Hohe diagnostische Präzision

Wenn Prof. Stephan Frank und Dr. Jürgen Hench über die grosse Chance der Analysen von Tumoren durch künstliche Intelligenz sprechen, kommen sie sofort ins Schwärmen. Kein Wunder: Die Möglichkeiten für die computergestützte Diagnostik von Tumoren sind riesig. Diese führt zu einer ausserordentlichen diagnostischen Präzision und erkennt Veränderungen in den Tumorzellen, sodass gewisse Krebsarten erfolgreich mit einer bestimmten Therapie behandelt werden können. Aktuell wird die Methode am Universitätsspital Basel vor allem für Hirntumore angewendet, aber bereits heute gibt es die Möglichkeit, auch andere Tumorarten anhand ihrer DNA-Methylierung zu analysieren.

Karzinom, Sarkom, Melanom oder …

Wie funktioniert der Scan der DNA? Während einer Operation wird beispielsweise ein kleines Tumorgewebsfragment gesichert, dessen DNA innerhalb weniger Stunden analysiert werden kann. Durch den computergestützten Abgleich des dabei erstellten DNA-Methylierungsprofils mit den Methylierungsprofilen tausender anderer Tumoren kann dann durch die Pathologin oder den Pathologen diagnostisch eingeordnet werden, ob es sich beispielsweise um ein Karzinom, Sarkom, Lymphom, Melanom, oder um eine der mehr als 100 bekannten Hirntumor-Entitäten handelt. Gleichzeitig kann das Profil in vielen Fällen anzeigen, ob und wie die Therapie optimiert werden könnte. Bislang benötigte es hierfür vielfach verschiedene, teils aufwendige Zusatzanalysen. Die neue Methode ist nicht nur schneller, sondern auch kostengünstiger.

15'000 abrufbare Datensätze

Dr. Jürgen Hench hat am Universitätsspital Basel ein Softwarewerkzeug entwickelt, das für die Weiterentwicklung dieser Methode entscheidend ist. Externe Kollegen weltweit können dabei ihre Methylomdaten anonymisiert hochladen und so mit allen bislang erfassten Tumordatensätzen vergleichen. Mehr als 15'000 solcher Tumor-DNA-Methylomdatensätze sind bereits abrufbar und mit jedem neu hochgeladenen Datensatz lernt der Computer Neues dazu.
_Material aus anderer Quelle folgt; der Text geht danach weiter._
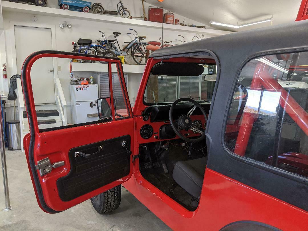 1980 Jeep Cj7 Beautiful restoration. Jeep tub has NO RUST ever. No patch panels. New paint,new wheels, new tires ( all 5 wheels and tires match ), Rancho shocks, new LED headlights and taillights, new front turn signals, new side marker lights, new exhaust from manifold to the back, new tie rods, new drag link, new windshield, new gas tank, straps, sending unit, new water pump, carburetor, radiator, hoses, alternator, battery, front seats, shift boots, door panels, glove box, stereo, all new weatherstripping,sun visors, mirrors ( inside and out ), dash pad, dash labels, dash knobs, dimmer switch . Did I say almost everything is new and this Jeep was rust free!This Jeep has the 2.5L 4 cyl. manual 4-speed, power steering and power brakes and runs great. mileage is unknown. Super hard to find a CJ7 with no rust or patch panels. Top is mint condition.Buyer responsible for shipping

Die diagnostische Präzision wird dadurch laufend verbessert und bleibt fortwährend aktuell. Die grösser werdende Datenmenge hat einen weiteren positiven Effekt: Auch seltenste Tumoren können dadurch immer besser erkannt werden. Das ist eine grosse Chance für eine zukunftsträchtige personalisierte Medizin.

Dem Ursprungstumor auf der Spur

Die neue Technologie kann auch in der Diagnostik von Cancers of Unknown Primary (CUP), also Krebserkrankungen mit unbekanntem Primärtumor, eine wichtige Rolle spielen. Bei einigen Krebserkrankungen werden bei Patientinnen und Patienten zunächst nur die Tumorabsiedlungen (Metastasen) entdeckt, während der Ursprungstumor im Verborgenen bleibt. Die Datenbank ermöglicht in solchen Fällen den Abgleich mit anderen, klinisch bereits dokumentierten Fällen und kann durch die Zuordnung zu einem Primärtumor helfen, eine geeignete therapeutische Strategie zu definieren. «Die Arbeit der Pathologinnen und Pathologen in der Tumordiagnostik wird sich durch diese Methode signifikant verändern», erklärt Prof. Stephan Frank. Aber er ist sicher: «Pathologen, die mit dem Mikroskop arbeiten, wird es definitiv auch in Zukunft brauchen». Sie werden aber zunehmend auf die Unterstützung durch Algorithmen der künstlichen Intelligenz angewiesen sein.